After a while, she unfolded the smartsheet and smoothed out the creases. The words shone out at her brightly from the sheet’s tiny paper screen.

Vincent died 1 hr after you ate Book. Got him to tell me some things first. Told me more about radiation. All fits together, some, anyway. Sorry about Vincent, was nice guy. We’ll know if we won if we’re all alive next week. Elias.

She let the smartsheet fall to the ground. Vincent had been in a coma the last time she was conscious of him. Had he woken up since? How else could Vincent have told Elias anything? And then he’d died? The horrible thought that Elias had speeded his death occurred to her, and she examined Vincent’s body for any signs of injuries she hadn’t noticed already.

Finding none, she realized he had just got sicker and died. She could now see where Elias had scrabbled into the hard dirt by one corner of the cage, digging with a broken-off section of plank, and somehow doing it all without drawing attention to himself. The cool air beyond beckoned her. She wanted to be out, away from Vincent’s corpse, out amongst the living, whatever kind of creature they were. But what would she do, once she was out there? Follow Elias wherever he had gone? She wouldn’t kid herself that she possessed that kind of resourcefulness.

She wiped Elias’s message from its screen, just in case the Grid was back online. To her delight, on hitting update, she was presented with a packet that had arrived through the singularity within only the past few hours. The smartsheet had automatically updated itself meanwhile, and they had not even realized.

A plan of action began forming in her mind. But, while thinking it through, she noticed a new message alert was flashing in one corner of the smartsheet.

The message was addressed to Vincent. She’d assumed the smartsheet had belonged to Elias, but on closer examination the ’sheet was good quality, not merely designed to be used for five minutes and then thrown away. Vincent had personalized it.

The message itself was from somebody called Eddie Gabarra. The name rang a bell – some friend of Vincent’s?

She read the message, swearing occasionally at what it said. This was a day for revelations. She could hear movement outside, and wondered how long it would take their captors to realize one of them had got away. She decided not to worry about how they might react to that discovery.
Two days
. Elias was right: they only had two days, then half the existing species on Kasper – including the one that had built this cage – would very likely be wiped out.

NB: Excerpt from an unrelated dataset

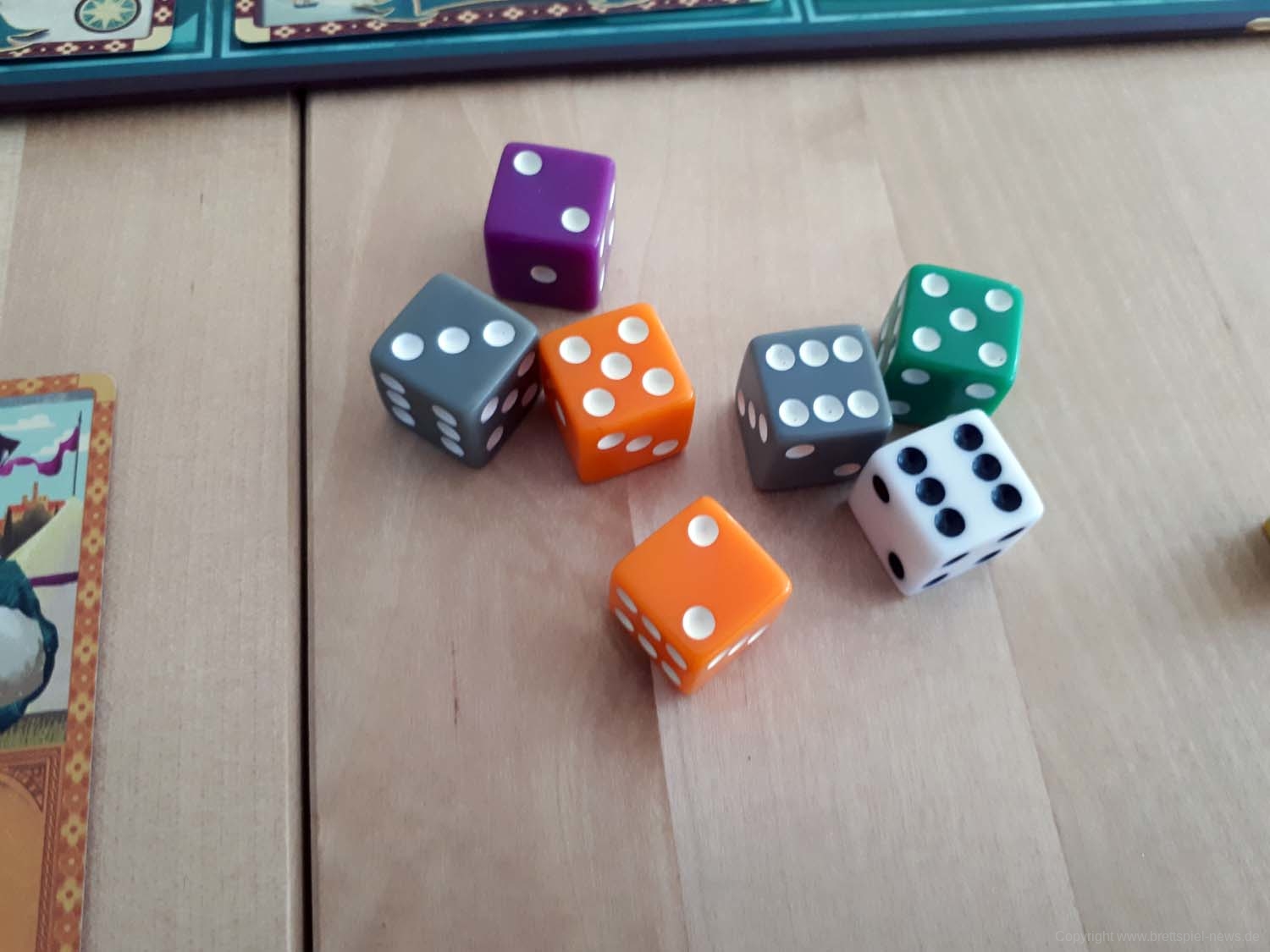Das Spiel ist würfelgesteuert, die Spieler suchen sich in der Reihenfolge Würfel aus und setzten sie auf ein viereck in der eigenen Spielerfarbe. So wird die Zuordnung markiert. Die Würfel werden dann auf vier Aktionsfelder gesetzt. In der obersten beginnen die kleinsten Werte, während in den anderen drei Zonen die höchsten Werte anfangen. zudem gibt es Karten, die eine Sofort-, eine Spielende- oder Aktionen während des Spiels ermöglichen. Insgesamt gibt es vier Zählleisten, in denen die Spieler aufsteigen können. Die dafür vergeben Punkte sind variable und unterscheiden sich jede Partie. In einer Leiste kann man aufsteigen, indem man seine Figur auf der Spielfeldkarte hin und her bewegt.

She ran a Grid search for the information she needed, drawing the locations from Susan’s memories. Normally, the memories gleaned from a Book slipped away within hours, but after eating only the one Book, she experienced an unprecedented clarity of recall, the information it contained taking up residence in her long-term memory with no prompting. That made it hard to dismiss the dialogue she’d experienced with the – whatever it was that called itself Sam Vaughn.

Papers and studies regarding the Kaspians, information derived from those clandestine searches undertaken far from the secluded icefields of the Citadel, researchers and soldiers being dropped down in uninhabited areas under cover of night, to retrieve what they could without danger of accidental intervention. Samples of their language, too. Some of this body of knowledge, she was aware, had come from Susan herself.